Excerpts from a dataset

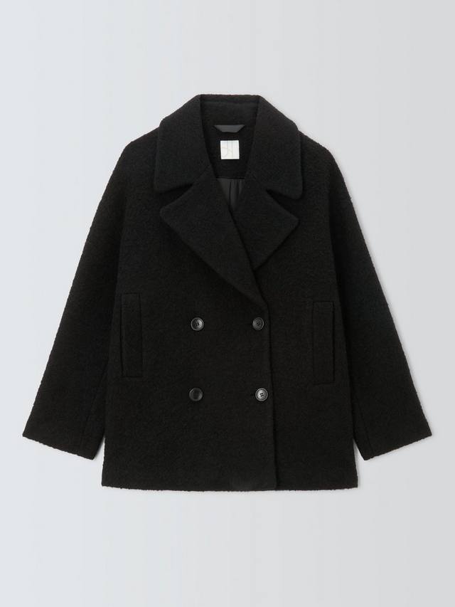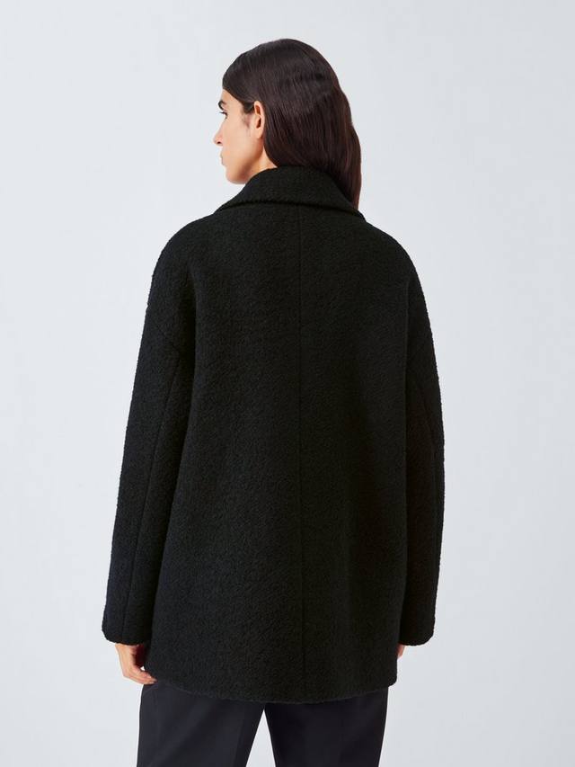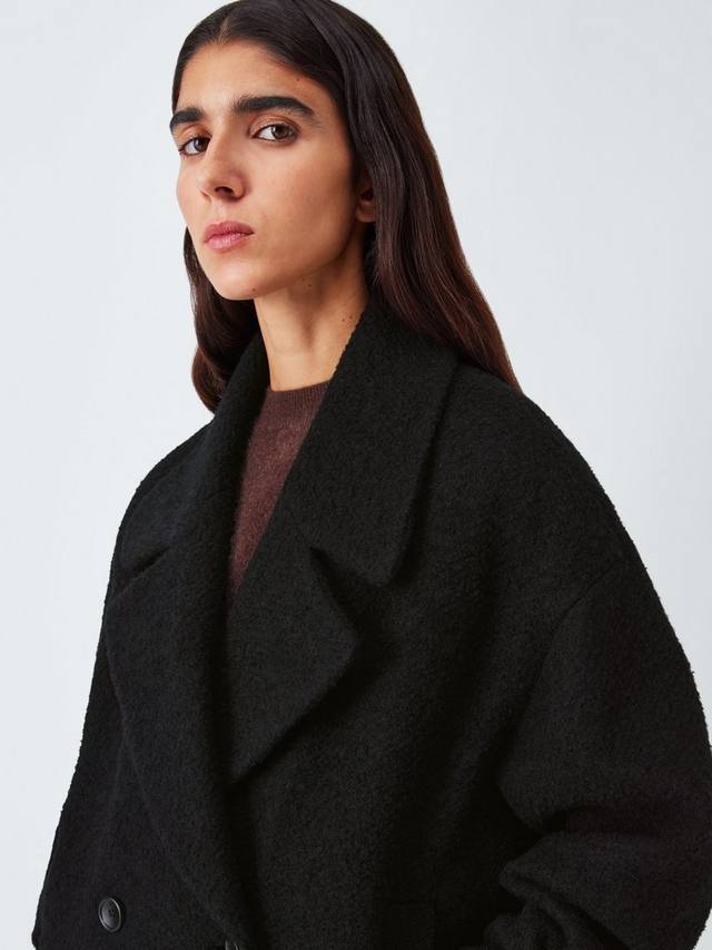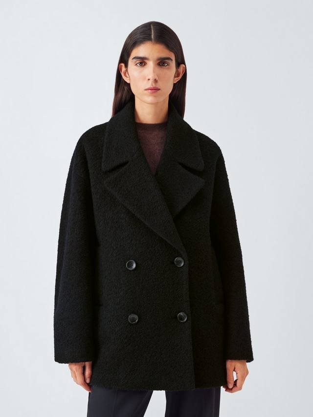 Пальто из букле с текстурой из чистой шерсти для тепла. В отделке этой двубортной модели прослеживаются нотки классического кроя: большие отложные лацканы, застёжка на пуговицы спереди и прорезные карманы с косыми краями.
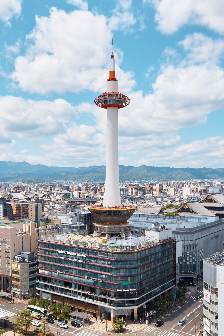 ‟産業・文化・観光の一大センターとして活用し、京都市の伸展に貢献する“ことを目指し建てられたタワー。白くなめらかなフォルムは鉄骨を使わないモノコック構造で、海のない京都の街を照らす灯台をモチーフにしています。2024年4月よりネーミングライツとして「ニデック京都タワー」に施設名を変更いたしました。
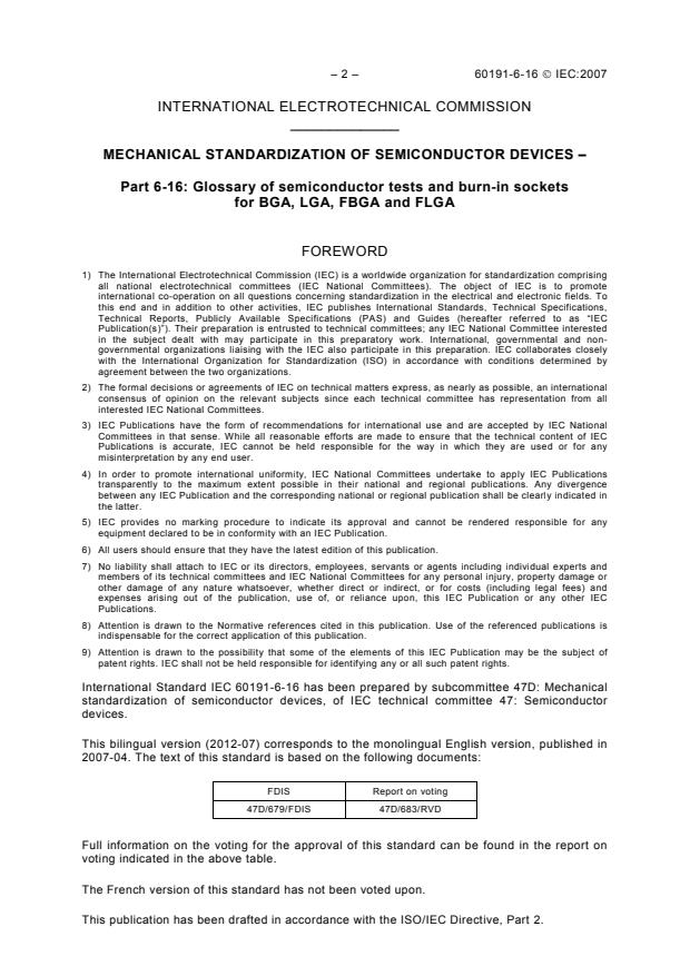 IEC 60191-6-16:2007 - Mechanical standardization of semiconductor devices - Part 6-16: Glossary of semiconductor tests and burn-in sockets for BGA, LGA, FBGA and FLGA
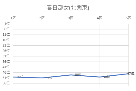 | 4区 | 3.0㎞ | 0:10:29 | 若松 来実 | 3 | 51位 | 0:56:52 | 52位 |
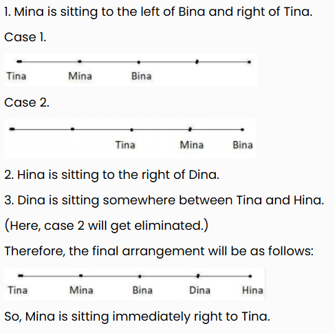 Five fisherwomen Bina, Hina, Mina, Tina and Dina are sitting in a row in the market. Mina is sitting to the left of Bina and right of Tina. Hina is sitting to the right of Dina. Dina is sitting somewhere between Tina and Hina. Who is sitting immediate right to Tina?
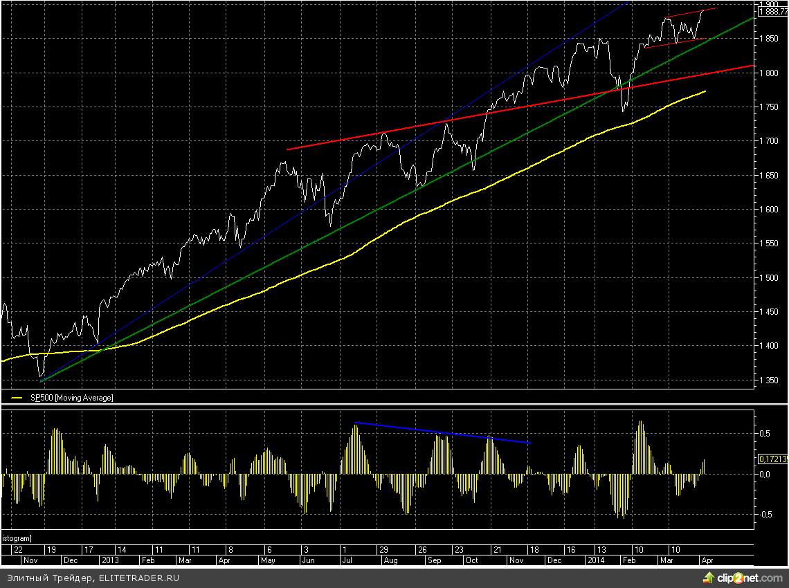 Индекс SnP500 уже больше 1 месяца торгуется в диапазоне между отметками 1850 и 1890. Сейчас данный инструмент подходит к верхней части этого диапазона и может начать от него корректироваться, особенно учитывая наличие нескольких дивергенций между ценой и MACD гистограммой.
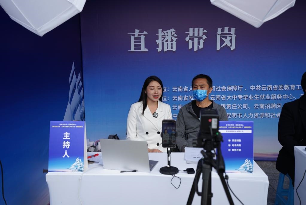 2023年3月3日,在云南省2023年春風行動暨就業(yè)援助月專場招聘活動現(xiàn)場,工作人員“直播帶崗”。新華社記者 佟璐 攝
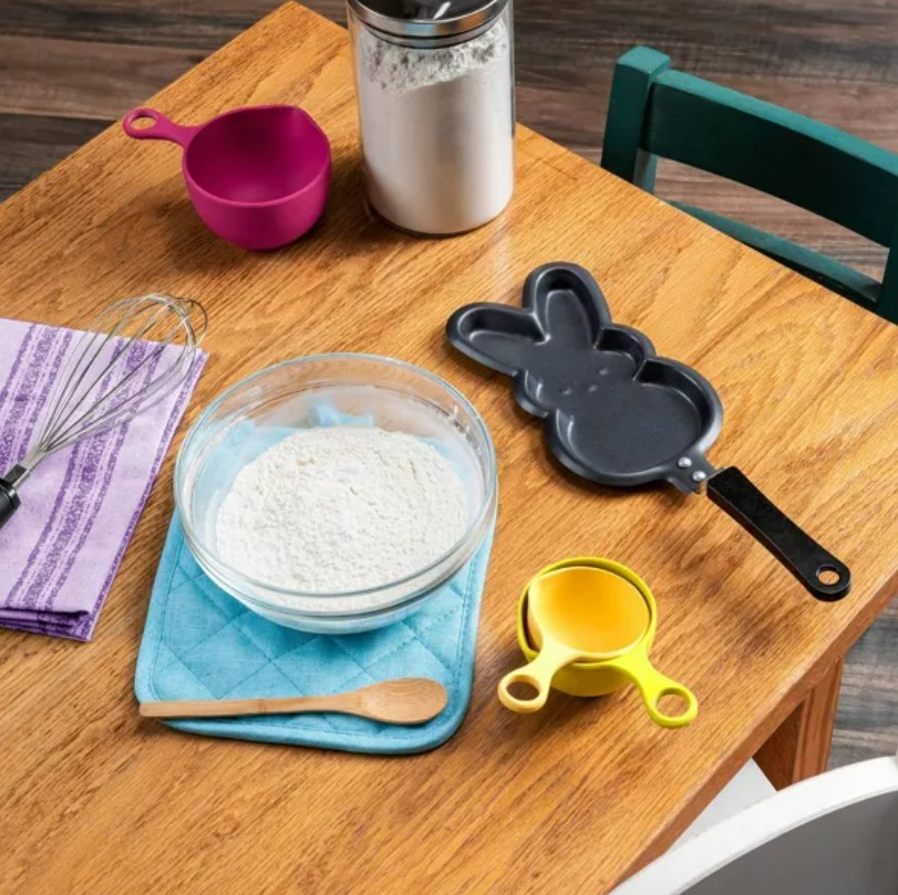 The cutest new brunch addition to your Easter table, this bunny-shaped skillet makes adorable Peeps-shaped pancakes! The set includes Buttermilk pancake mix to make 6 pancakes. Follow the instructions on the package to make the Peep-fect pancake.
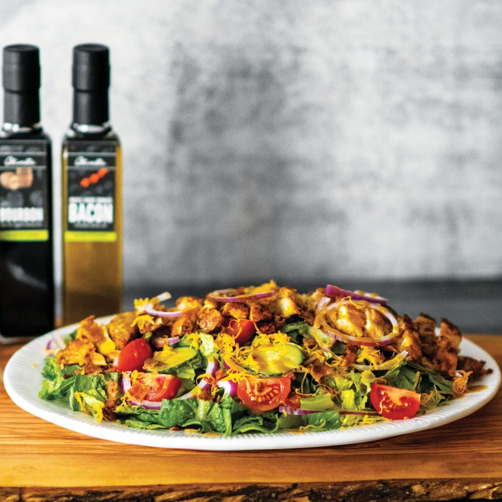 • Add lettuce to a platter, top with tomatoes, cucumbers, red onion, cheese, bacon, and sliced chicken. Drizzle the dressing over and enjoy!
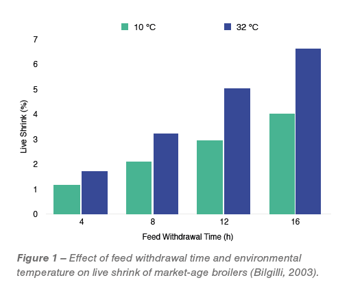 As the live weight shrink along phase two is driven by its duration and the temperature birds are exposed to from farm to plant (Figure 1), its magnitude may vary from 0.10% of the body weight per hour up to as high as 0.42%/h, or even more, according to different authors.
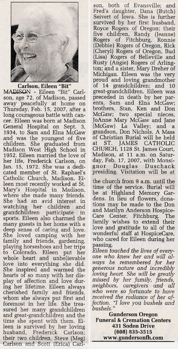 Carlson, Eileen C “Bit” (nee McGaw) Obit Cemetery

» Work item
Please copy the data above exactly; the pictures do not belong in the copy.

» Result for this task
 Пальто из букле с текстурой из чистой шерсти для тепла. В отделке этой двубортной модели прослеживаются нотки классического кроя: большие отложные лацканы, застёжка на пуговицы спереди и прорезные карманы с косыми краями.
 ‟産業・文化・観光の一大センターとして活用し、京都市の伸展に貢献する“ことを目指し建てられたタワー。白くなめらかなフォルムは鉄骨を使わないモノコック構造で、海のない京都の街を照らす灯台をモチーフにしています。2024年4月よりネーミングライツとして「ニデック京都タワー」に施設名を変更いたしました。
 IEC 60191-6-16:2007 - Mechanical standardization of semiconductor devices - Part 6-16: Glossary of semiconductor tests and burn-in sockets for BGA, LGA, FBGA and FLGA
 | 4区 | 3.0㎞ | 0:10:29 | 若松 来実 | 3 | 51位 | 0:56:52 | 52位 |
 Five fisherwomen Bina, Hina, Mina, Tina and Dina are sitting in a row in the market. Mina is sitting to the left of Bina and right of Tina. Hina is sitting to the right of Dina. Dina is sitting somewhere between Tina and Hina. Who is sitting immediate right to Tina?
 Индекс SnP500 уже больше 1 месяца торгуется в диапазоне между отметками 1850 и 1890. Сейчас данный инструмент подходит к верхней части этого диапазона и может начать от него корректироваться, особенно учитывая наличие нескольких дивергенций между ценой и MACD гистограммой.
 2023年3月3日,在云南省2023年春風行動暨就業(yè)援助月專場招聘活動現(xiàn)場,工作人員“直播帶崗”。新華社記者 佟璐 攝
 The cutest new brunch addition to your Easter table, this bunny-shaped skillet makes adorable Peeps-shaped pancakes! The set includes Buttermilk pancake mix to make 6 pancakes. Follow the instructions on the package to make the Peep-fect pancake.
 • Add lettuce to a platter, top with tomatoes, cucumbers, red onion, cheese, bacon, and sliced chicken. Drizzle the dressing over and enjoy!
 As the live weight shrink along phase two is driven by its duration and the temperature birds are exposed to from farm to plant (Figure 1), its magnitude may vary from 0.10% of the body weight per hour up to as high as 0.42%/h, or even more, according to different authors.
 Carlson, Eileen C “Bit” (nee McGaw) Obit Cemetery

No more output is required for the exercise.